Bazel currently rejects this code (but the specification allows it):

def dbg(x):
  if is_debug:  # static error, is_debug is not defined
    print("-->", x)

is_debug = True

dbg("hello")

However, Bazel allows this code (also valid according to the specification):

def dbg(x):
  if is_debug():
    print("-->", x)

def is_debug(): return True

dbg("hello")

In the current implementation, global variables are visible from their definition point to the end of the file. Functions are visible in the entire file, because it is common for a function to call another function defined later in the file.

The specification makes no distinction between variables and functions: both are visible in the entire file. It is simpler and more consistent.

Note that, for both the Bazel implementation and the specification, it is a runtime error to access a symbol before it has been evaluated:

def dbg(x):
  if is_debug:  # spec: runtime error; current impl: static error
    print("-->", x)

dbg("hello")

is_debug = True
def foo(): return 1

foo()
bar()  # runtime error, in both cases

def bar(): return 2

Resolution: Follow the specification: a global variable is visible in the entire file.
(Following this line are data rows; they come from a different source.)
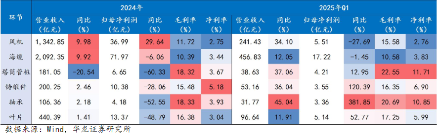 2025年二季度业绩增速来看,风机、海缆净利润同比下滑,增速分别下滑27.69%/1.45%;轴承、铸锻件、叶片环节净利润大幅提升,增速分别为381.85%/120.39%/52.77%,主要受益于需求放量、涨价和产品结构优化。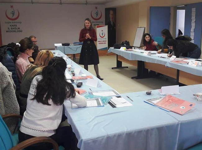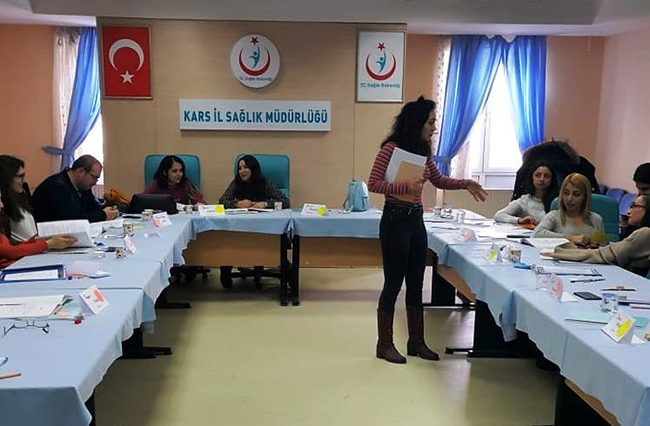 26-30 Kasım 2018 ile 24-28 Aralık-2018 tarihleri arasında Kars’ta ki çeşitli sağlık birimlerinde görevli aile hekimi, aile sağlığı ve toplum sağlığı merkezinde görevli 33 sağlık personeline, Üreme Sağlığı Eğitimcileri tarafından cinsel sağlık ve üreme sağlığı eğitimi verildi.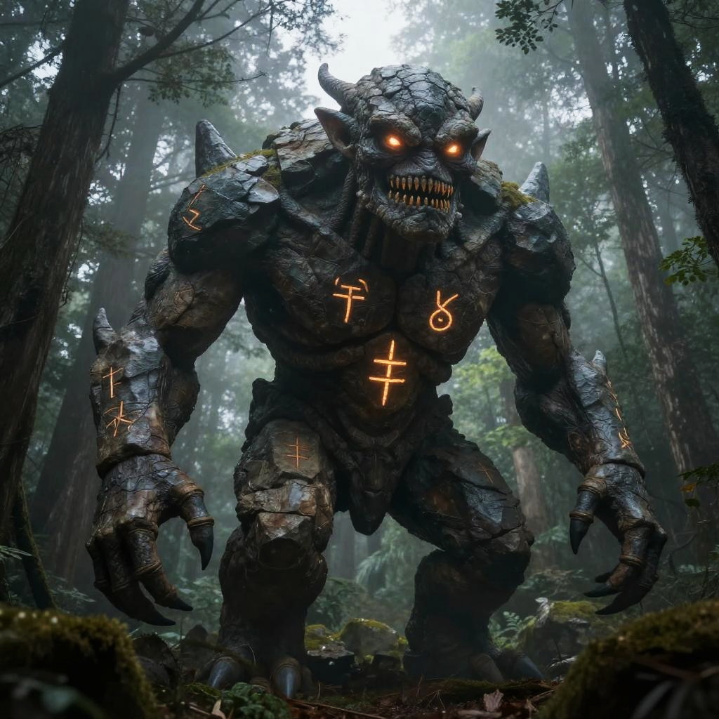 Golem rock monster towering in a misty forest, glowing runes etched on its rugged stone skin, ancient and mystical atmosphere, dramatic lighting

Encourage the use of a linter to catch issues. This is not a breaking change for Bazel.

Scope of a local variable

According to the specification, this code should be valid:

def f():
  if False:
    print(a)
  a = 2
  print(a)
f()

Bazel currently throws a static error ("a is not defined"). In Bazel, variables are visible between the definition point to the end of the function body. In the specification, variables are visible in the entire block.

In practice, it is very rare to refer to a variable before its definition point (when it happens, it's usually a programmer mistake), although we might construct such an example:

def foo(li):
  for i in li:
    if i % 2 == 0:
      print(a)
    else:
      a = i

foo([1, 2, 5, 4])

While Bazel rejects the previous example, it allows this one:

def foo(li):
  for i in li:
    if i % 2 != 0:
      a = i
    else:
      print(a)

foo([1, 2, 5, 4])

Forcing definitions to precede usage is common in many languages, like C++ and Java. It improves readability, and allows better completion in an IDE (we know the set of available variables even if the code is not complete).
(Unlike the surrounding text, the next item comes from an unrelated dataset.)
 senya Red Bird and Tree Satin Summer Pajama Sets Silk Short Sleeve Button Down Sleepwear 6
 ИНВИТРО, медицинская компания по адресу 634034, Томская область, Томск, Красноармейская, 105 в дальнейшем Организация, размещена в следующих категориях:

However, this restriction doesn't give much guarantee. For consistency with the previous section, it's probably better to remove it. This check would be better done in a separate linter (which can for example do control flow analysis).

Resolution: Follow the specification: a variable is visible in the entire block. This is not a breaking change for Bazel.

Lexical binding of variables

Bazel name resolution is not truly static.

data = []

def fct(x):
  if x:
    data = []

  data.append(1)

The function above will either add an element to the global list, or add it to a local list, depending on x. This is arguably an implementation bug.

Based on the specification, data should refer only to the local variable. So if x is false, there will be a runtime error (data is not initialiazed).

Resolution: Use static name resolution, follow the specification.

This is a breaking change for Bazel.

Rebinding in BUILD files

According to the specification, "it is a static error to bind a global variable already explicitly bound in the file."

Bazel implements this check in bzl files, but not in BUILD files for historical reasons (legacy code should be updated). This should be an error:

ab = 2
ab = 3

Resolution: Update Bazel, forbid rebinding of global variables in BUILD files.

This is a breaking change for Bazel.

Backward-compatibility

Two sections in this document constitute breaking changes to Bazel:

  • Lexical binding of variables is fixing a bug and a surprising behavior (almost every modern language uses lexical binding). We also believe very few files rely on this behavior. User impact should be low.

  • Rebinding in BUILD files is making the language stricter in BUILD files. We believe the benefits are greater than the migration costs. In particular, it improves consistency (difference between BUILD and bzl files), increases files readability, and reduces maintenance cost in the long-term.

For a smooth rollout, we'll use the backward compatibility process.

A linter will also notify the users about it.